Date opened: May 7, 2014
Type: Cohort, observational, controlled.
Size: Single centre
Current status: Open
Recruitment to date: 67
Lead researchers: Prof Tony Belli
Through the collaboration of the University of Birmingham, University Hospitals Birmingham NHS Foundation Trust and Defence Scientific and Technology Laboratories, the aim of the Golden Hour study is to characterise the biomarker response to traumatic brain injury (TBI) and define the roles of biomarkers in injury detection, diagnosis, monitoring, classification, prognosis and treatment. This will form a basis for future interventional studies to improve outcome of TBI patients.

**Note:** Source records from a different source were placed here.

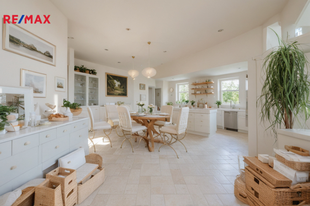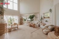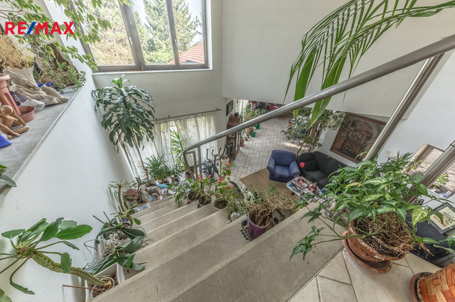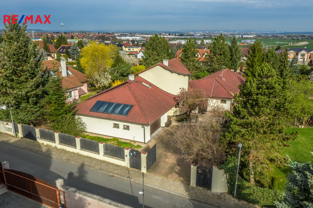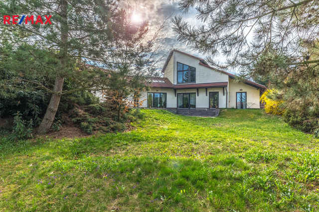 Ve výhradním zastoupení majitele nabízím luxusní přízemní rodinný dům - bungalov umístěný v rezidenční čtvrti obce Jesenice. Objekt je přízemní, z jedné třetiny podsklepený s přístupem z venkovní strany, s vestavěnou garáží pro dvě auta (další dvě parkovací místa jsou na pozemku). Na zahradě je malý zahradní přístavek na nářadí a zahradní techniku. Střecha sedlová s různými výškami. Dům může být užíván i jako dvougenerační. Dům je umístěný na parcele o celkové výměře 1326 m2. Přístup do domu je z jihovýchodní strany od asfaltové příjezdové komunikace. Na prostorné zádveří navazuje šatna. Domu dominuje členitý obývací pokoj, který z jedné strany přechází do jídelny s kuchyňským koutem a z druhé strany se otvírá do prostoru s krbem. V obývacím pokoji je otevřené schodiště do prvního patra, ve kterém má majitel pracovnu. Je zde možné i relaxovat a ve večerních hodinách se kochat krásným výhledem na rozsvícenou Prahu . Za obývacím pokojem je soukromá část majitelů - ložnice, prostorná koupelna a šatna. Propojovací chodbou lze vstoupit do druhé oddělené části domu se dvěma ložnicemi a koupelnou. Tato část má také vlastní vchod, proto ji lze užívat zcela samostatně, např. jako ordinaci nebo kancelář. Ze všech místností domu je přímý výstup do zahrady, u obývacího pokoje je navíc terasa. Dům je vytápěný tepelným čerpadlem země - voda. V celém domě je podlahové topení. Elektrickou energii dům čerpá z fotovoltaiky - panely umístěné na střeše. Přebytek energie je prodáván do sítě. Ohřev teplé vody zajišťuje dalších 5 panelů. Zásobování vodou je z obecního vodovodu, odpad je sveden do kanalizace. Závlaha zahrady je z vlastního vrtu. Pokud by budoucí majitel přesto chtěl využít plyn, plynová přípojka je na hranici pozemku. V domě je rozvedený centrální vysavač. U východu z obývacího pokoje do zahrady je příprava na zimní zahradu (není dokončená) včetně zavedené vody, elektřiny a centrálního vysavače. Internet - optické vlákno. Na dům navazuje garáž pro dvě auta. za garáží je ještě hobby místnost. Uspořádání domu Vám upřesní přiložený půdorys. Energetický štítek připravujeme. Dům uspokojí každého, kdo hledá velké a vzdušné prostory, klid a dobrou dopravní dostupnost. Pro více informací nebo žádost o prohlídku kontaktujte prosím makléřku. Prodávající si vyhrazuje právo vybrat kupujícího na základě jím zvolených kritérií.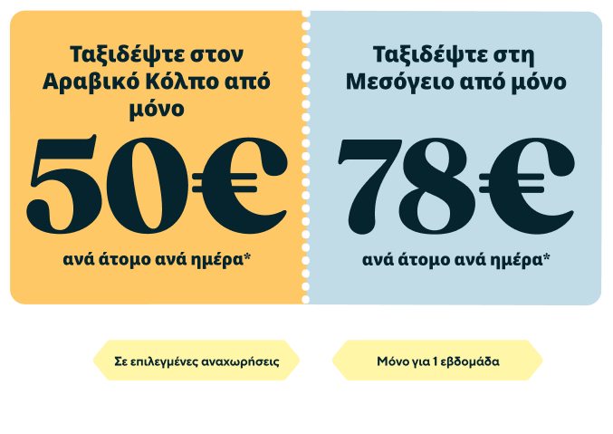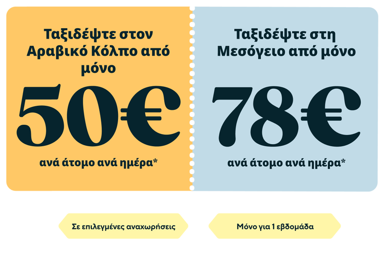 Διαφημιστικό γραφικό με τιμές κρουαζιέρας που παρουσιάζει προσφορές περιορισμένου χρόνου για τα δρομολόγια της Celestyal. Το αριστερό πλαίσιο προβάλλει κρουαζιέρες στον Αραβικό Κόλπο από 57 $ ανά άτομο την ημέρα, ενώ το δεξί πλαίσιο προωθεί κρουαζιέρες στη Μεσόγειο από 91 $ ανά άτομο την ημέρα. Μια διακεκομμένη γραμμή χωρίζει τις δύο προσφορές, μαζί με τις ετικέτες «Επιλεγμένα δρομολόγια» και «Μόνο για 1 εβδομάδα». Οι ημερομηνίες ισχύος της προσφοράς εμφανίζονται ως 26 Νοεμβρίου – 2 Δεκεμβρίου 2025 | Celestyal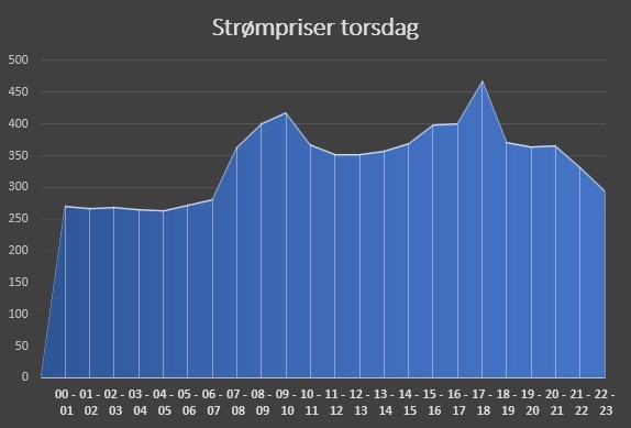 Torsdag er maksprisen på ettermiddagen er 469 øre, minsteprisen natt til torsdag er 264 øre. Snittprisen torsdag er på 341 øre per hWh.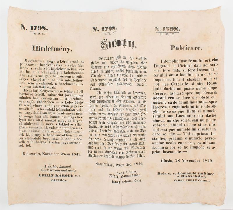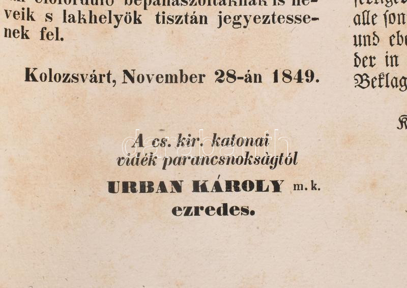 1849 Kolozsvár, cs. és királyi parancsnokság (Urban Károly ezredes) ál... https://www.darabanth.com/de/429-Fernauktion/429.0/Kunst-Dokumente-andere-Sammelgebiete/Drucksachen~1000002/1849-Kolozsvar-cs-es-kiralyi-parancsnoksag-Urban-Karoly-ezredes-altal-kiadott-haromnyelvC5~II2753235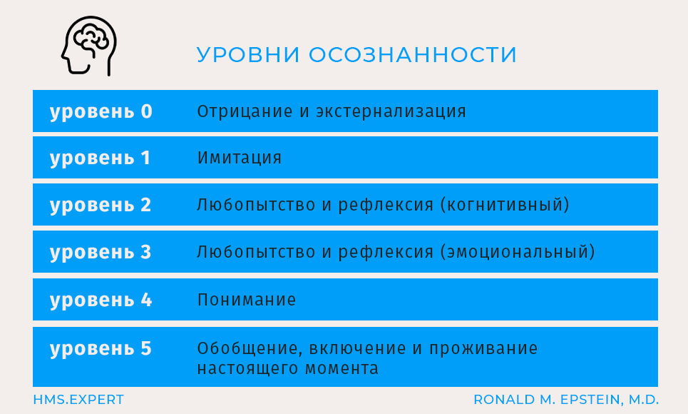 Осознанность - это целенаправленное, не вызывающее тревожности, рефлексивное проживание настоящего момента, которое может быть применено к любому аспекту практики (Epstein, 1999).
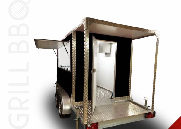 Vous souhaitez réaliser du fumage à froid, du fumage à chaud, de la grillade, vous souhaitez proposer du poisson, de la viande, du poulet grillé, des ribs, des légumes au BBQ, du snack grill, des burgers de compétition… ? La remorque Grill BBQ est faite pour vous. Ce modèle de remorque BBQ vous offre un des espace de travail le plus important de sa catégorie. De plus cette remorque grill Bbq bénéficie d’un espace ouvert à l’arrière destiné aux cuissons spécifiques de type grill, BBQ, fumoir, broche…. Ainsi, vous pouvez séparer votre cuisine en deux avec une partie fermée et une partie ouverte, toujours en respectant les normes sanitaires. Point Important, dans le cadre ou de l’équipement CHR est fixé à l’arrière de la remorque en partie ouverte, nous vous proposerons alors l’option fermeture latérale sécurisée sur hayon (surface pleine ou surface grillagée).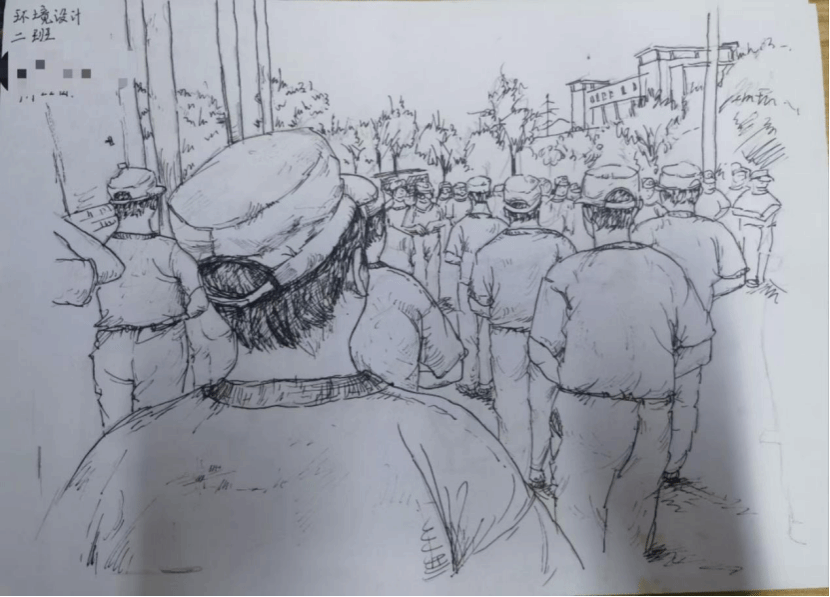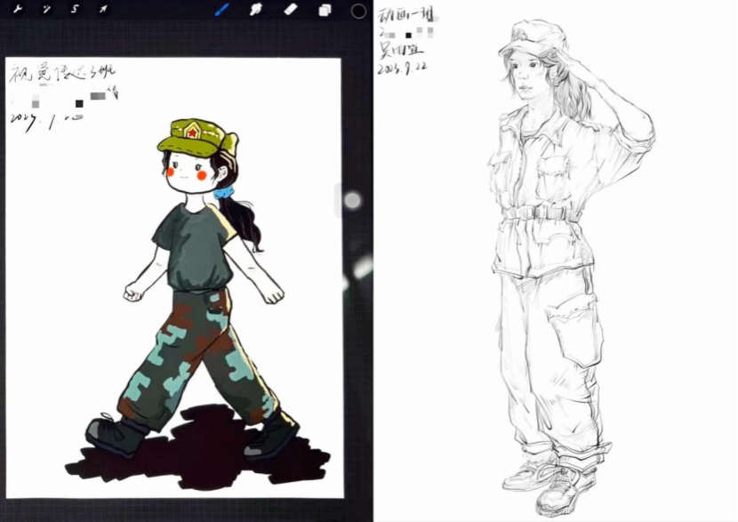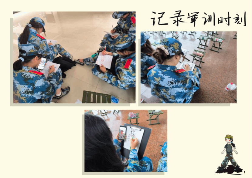用绘画的方式记录下军训的美好瞬间。

TBI remains a leading cause of morbidity and mortality in particular affecting the young with a male preponderance. At present, treatment is largely supportive and investigational techniques have not changed apace clinically despite numerous research efforts. A biomarker in the broadest sense is any characteristic that may be objectively assessed to provide an indicator of a normal or abnormal physiological state of an organism. This includes laboratory tests along with imaging and more simple clinical findings. Biomarkers are used in other clinical settings, such as Troponin for cardiac damage during heart attack. There has been increasing interest in the development of biomarkers for neurotrauma, although this has not yet led to a change in clinical practice. Previous research has assessed potential biomarkers including substances released generally in response to or as an effect of injury in this context, e.g. creatine kinase, glial fibrillary acidic protein, myelin basic protein and S100B. Studies conducted so far have not fully defined the role of biomarkers in clinical practice; few have made a transition to the bed side. The variety of biomarkers may be assayed in order to provide an insight into many factors surrounding an injury, such as severity and progression.
The Golden Hour study aims to improve on previous clinical studies by investigating a range of potential biomarkers in serum, brain tissue (through microdialysis if applicable), cerebrospinal fluid (CSF, if applicable) and imaging in TBI and non-TBI (i.e. other major trauma as control) patients with comprehensive outcome measures. In the long term we hope these biomarkers might improve the diagnosis, monitoring and prognostication of TBI thus allowing better targeted treatment and potentially revealing new avenues for management.
Who is eligible?
Patients are eligible to take part in this trial if they have sustained a major trauma and:
- Have blood samples taken within one hour of the injury (for the purpose of this study)
- Aged 18 or above
- Without any known long-term neurological conditions (such as brain tumour, multiple sclerosis, Alzheimer’s and Parkinson’s diseases, etc.)
Once a patient has been enrolled in the trial, blood samples will be taken at intervals during the first 3 days after the injury for biomarkers analysis. Microdialysis and CSF samples (if applicable) will also be collected during the first 2 weeks for the same purpose. A subgroup of patients will be selected to take part in advanced MRI scans (including MR spectroscopy and diffusion tensor imaging) within the first month of hospitalisation. Patients will be followed up at 6 and 12 months with further blood sampling, MRI scanning, neuropsychometric tests, transcranial magnetic stimulation and EEG recording, together with routine outcome assessments (functional status and self-reported outcome inventories) in the clinic.
Because most patients with a major trauma are unable to consent to taking part in a trial, consent will be sought from a family member at first. If no family member is available, a process can be used to obtain approval from a senior doctor who is not connected with the trial. This ensures that patients who cannot consent themselves and do not have a family member available are still entitled to the same level of access to this trial as any other patient. Informed consent will be sought from the patients themselves once they regain their consciousness and capacity when stable.
Patients’ progress will be monitored at set points post injury, with the aforementioned tests conducted at 6 and 12 months. Changes in biomarkers will be measured in relation to TBI versus non-TBI and correlate with the above outcome assessments. Formulating a better understanding of the relationships between severe TBI and biomarkers in development will improve clinical categorisation, assessments, prognostication and treatments, both in targeting existing interventions and through development of new treatment in future interventional studies. The serious nature of a major trauma means that some patients will not survive their injuries, but their participation in the trial still provides valuable information which will help save and improve lives around the world.